> DATA BELOW:
= Beginning of Section =
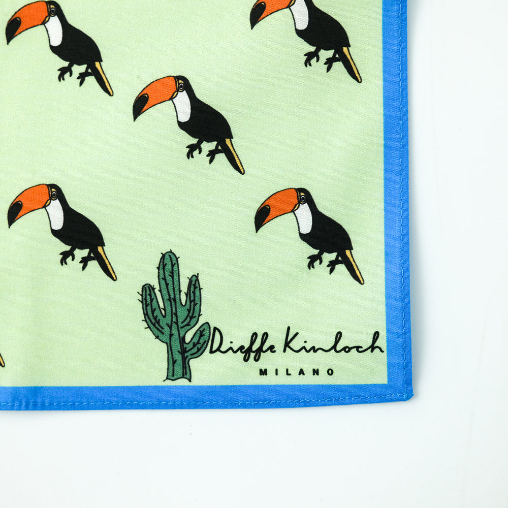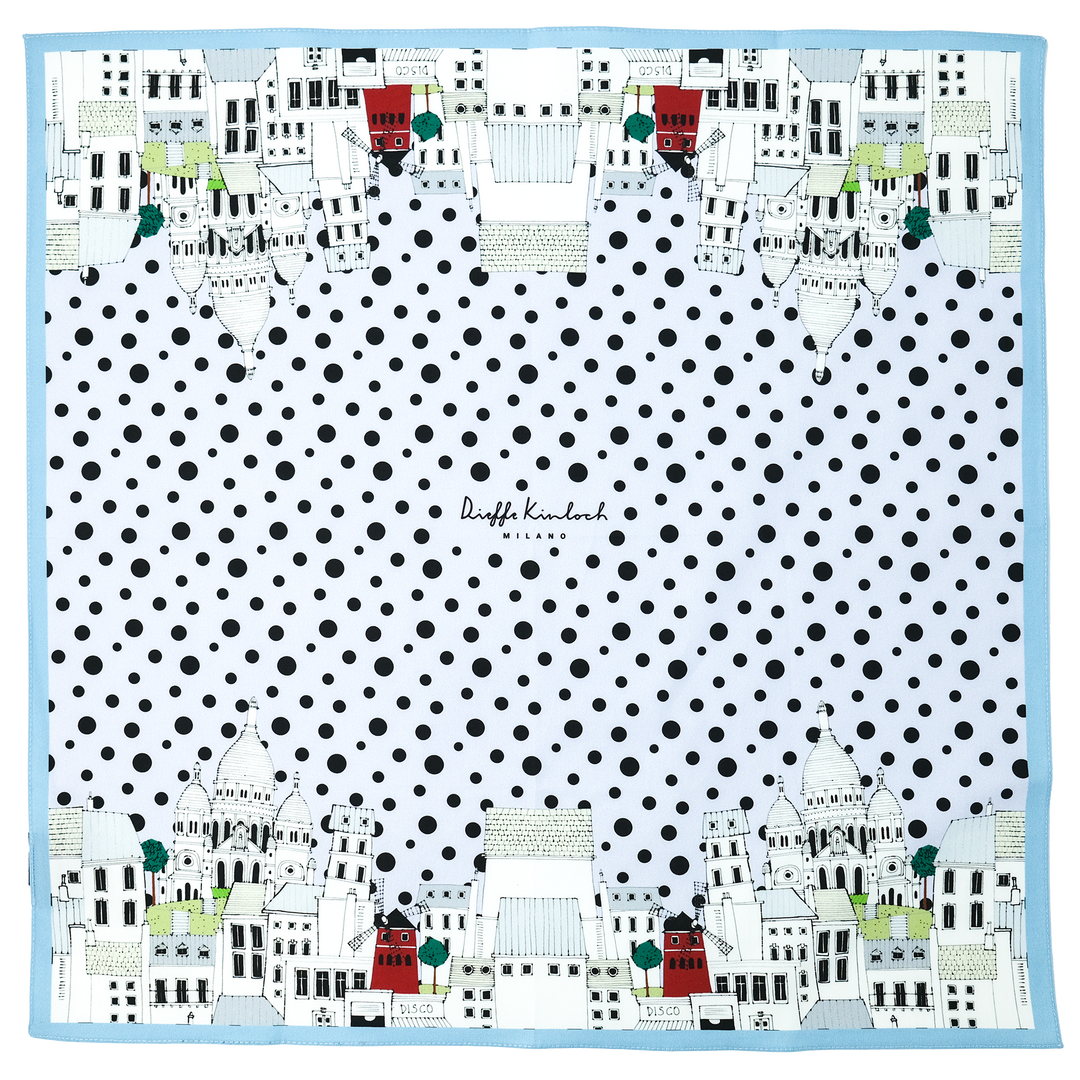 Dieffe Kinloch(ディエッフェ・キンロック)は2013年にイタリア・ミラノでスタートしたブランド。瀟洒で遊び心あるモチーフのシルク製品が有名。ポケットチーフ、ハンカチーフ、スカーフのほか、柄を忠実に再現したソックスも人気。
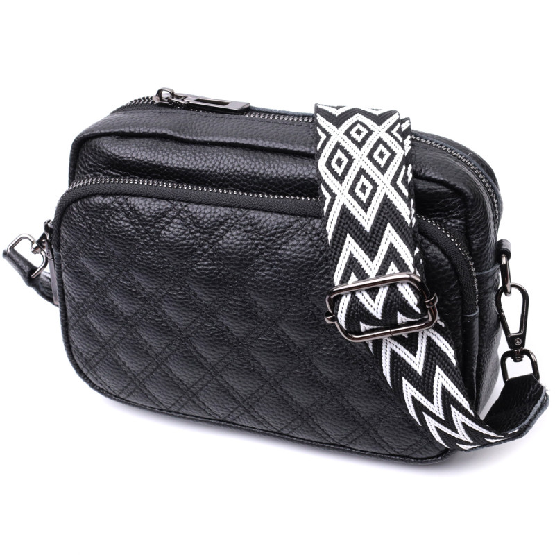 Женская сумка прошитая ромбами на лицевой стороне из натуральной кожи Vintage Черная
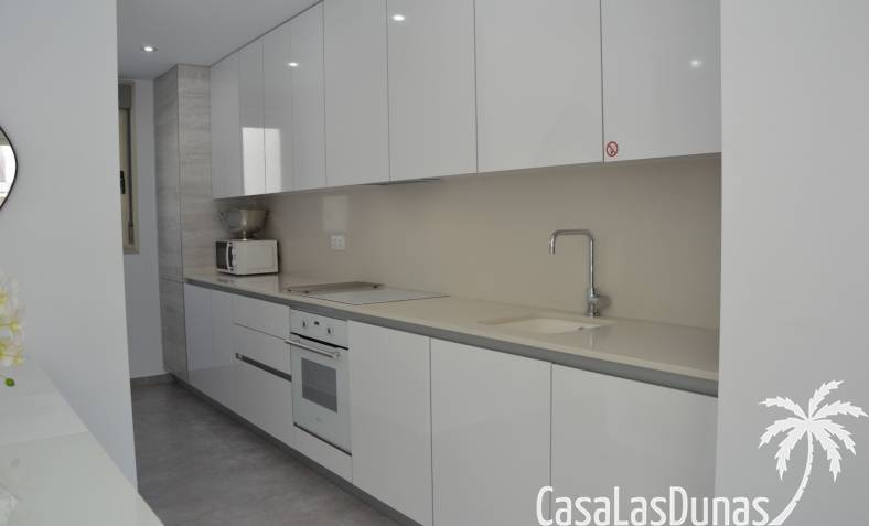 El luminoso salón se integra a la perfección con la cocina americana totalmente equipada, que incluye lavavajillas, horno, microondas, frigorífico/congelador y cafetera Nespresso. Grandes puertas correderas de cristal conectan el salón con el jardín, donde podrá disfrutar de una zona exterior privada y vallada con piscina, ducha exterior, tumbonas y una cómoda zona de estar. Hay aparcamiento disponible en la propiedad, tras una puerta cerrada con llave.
= End of Section =
> EXERCISE DIRECTIONS: Return the listing unchanged, but drop every picture.

> TASK ANSWER:
 Dieffe Kinloch(ディエッフェ・キンロック)は2013年にイタリア・ミラノでスタートしたブランド。瀟洒で遊び心あるモチーフのシルク製品が有名。ポケットチーフ、ハンカチーフ、スカーフのほか、柄を忠実に再現したソックスも人気。
 Женская сумка прошитая ромбами на лицевой стороне из натуральной кожи Vintage Черная
 El luminoso salón se integra a la perfección con la cocina americana totalmente equipada, que incluye lavavajillas, horno, microondas, frigorífico/congelador y cafetera Nespresso. Grandes puertas correderas de cristal conectan el salón con el jardín, donde podrá disfrutar de una zona exterior privada y vallada con piscina, ducha exterior, tumbonas y una cómoda zona de estar. Hay aparcamiento disponible en la propiedad, tras una puerta cerrada con llave.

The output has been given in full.